● Exercise objective
Take the material below and reproduce, word for word, only the lines from the line with "ハロウィンver」をセットで3名様に #プレゼント します!" through the line with "車間內(nèi)部采用一個流".

● Input data
┌────────
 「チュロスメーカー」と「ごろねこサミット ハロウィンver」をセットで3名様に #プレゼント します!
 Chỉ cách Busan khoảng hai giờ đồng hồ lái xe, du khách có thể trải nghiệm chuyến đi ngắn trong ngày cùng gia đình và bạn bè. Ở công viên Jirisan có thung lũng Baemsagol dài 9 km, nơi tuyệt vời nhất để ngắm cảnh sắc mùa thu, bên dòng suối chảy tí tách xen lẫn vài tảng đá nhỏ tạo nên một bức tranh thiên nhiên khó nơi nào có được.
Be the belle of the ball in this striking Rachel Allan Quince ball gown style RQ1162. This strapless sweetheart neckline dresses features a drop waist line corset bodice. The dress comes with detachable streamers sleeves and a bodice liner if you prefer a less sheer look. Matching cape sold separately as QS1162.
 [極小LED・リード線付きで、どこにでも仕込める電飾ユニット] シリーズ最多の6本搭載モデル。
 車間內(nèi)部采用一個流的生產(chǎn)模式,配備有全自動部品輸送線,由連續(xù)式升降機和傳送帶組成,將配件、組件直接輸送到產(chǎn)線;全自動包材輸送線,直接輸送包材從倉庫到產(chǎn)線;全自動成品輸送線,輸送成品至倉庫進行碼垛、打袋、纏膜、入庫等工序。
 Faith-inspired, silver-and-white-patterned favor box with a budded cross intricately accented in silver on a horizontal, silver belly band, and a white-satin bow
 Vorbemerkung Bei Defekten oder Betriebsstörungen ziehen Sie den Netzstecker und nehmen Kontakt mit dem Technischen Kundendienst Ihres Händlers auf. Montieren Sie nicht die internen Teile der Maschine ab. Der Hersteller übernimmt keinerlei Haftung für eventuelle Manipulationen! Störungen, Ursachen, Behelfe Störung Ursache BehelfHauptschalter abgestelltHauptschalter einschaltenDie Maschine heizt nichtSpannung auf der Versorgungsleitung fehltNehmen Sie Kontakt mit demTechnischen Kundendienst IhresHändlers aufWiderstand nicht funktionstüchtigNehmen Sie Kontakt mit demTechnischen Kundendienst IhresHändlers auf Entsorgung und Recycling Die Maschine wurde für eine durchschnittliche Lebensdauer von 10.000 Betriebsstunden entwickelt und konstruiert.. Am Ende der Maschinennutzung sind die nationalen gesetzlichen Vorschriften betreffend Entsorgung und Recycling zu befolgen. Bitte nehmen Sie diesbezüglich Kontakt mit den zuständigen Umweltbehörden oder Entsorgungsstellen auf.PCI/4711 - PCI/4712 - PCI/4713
└────────
┌────────
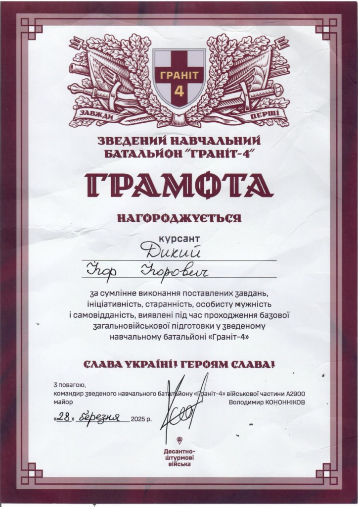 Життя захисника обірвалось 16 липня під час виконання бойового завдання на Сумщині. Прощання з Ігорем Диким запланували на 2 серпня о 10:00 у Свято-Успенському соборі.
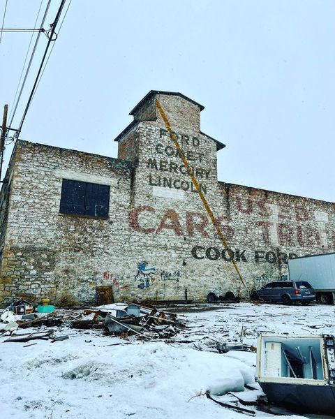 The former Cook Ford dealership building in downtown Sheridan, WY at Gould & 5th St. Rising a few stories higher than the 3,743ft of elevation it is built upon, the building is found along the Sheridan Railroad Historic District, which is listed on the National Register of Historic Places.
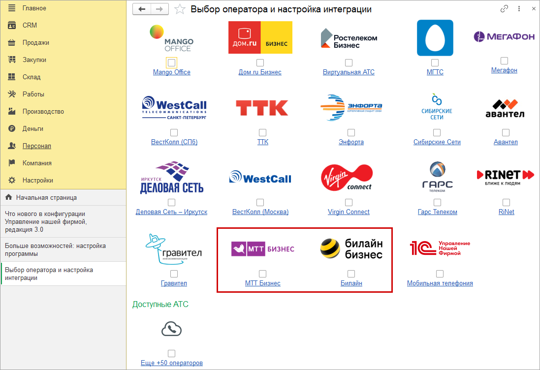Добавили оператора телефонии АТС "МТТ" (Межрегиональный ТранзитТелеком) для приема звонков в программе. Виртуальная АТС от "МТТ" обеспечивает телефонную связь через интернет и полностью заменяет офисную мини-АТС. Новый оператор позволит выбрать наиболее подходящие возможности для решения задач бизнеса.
└────────
● Your solution
 「チュロスメーカー」と「ごろねこサミット ハロウィンver」をセットで3名様に #プレゼント します!
 Chỉ cách Busan khoảng hai giờ đồng hồ lái xe, du khách có thể trải nghiệm chuyến đi ngắn trong ngày cùng gia đình và bạn bè. Ở công viên Jirisan có thung lũng Baemsagol dài 9 km, nơi tuyệt vời nhất để ngắm cảnh sắc mùa thu, bên dòng suối chảy tí tách xen lẫn vài tảng đá nhỏ tạo nên một bức tranh thiên nhiên khó nơi nào có được.
Be the belle of the ball in this striking Rachel Allan Quince ball gown style RQ1162. This strapless sweetheart neckline dresses features a drop waist line corset bodice. The dress comes with detachable streamers sleeves and a bodice liner if you prefer a less sheer look. Matching cape sold separately as QS1162.
 [極小LED・リード線付きで、どこにでも仕込める電飾ユニット] シリーズ最多の6本搭載モデル。
 車間內(nèi)部采用一個流的生產(chǎn)模式,配備有全自動部品輸送線,由連續(xù)式升降機和傳送帶組成,將配件、組件直接輸送到產(chǎn)線;全自動包材輸送線,直接輸送包材從倉庫到產(chǎn)線;全自動成品輸送線,輸送成品至倉庫進行碼垛、打袋、纏膜、入庫等工序。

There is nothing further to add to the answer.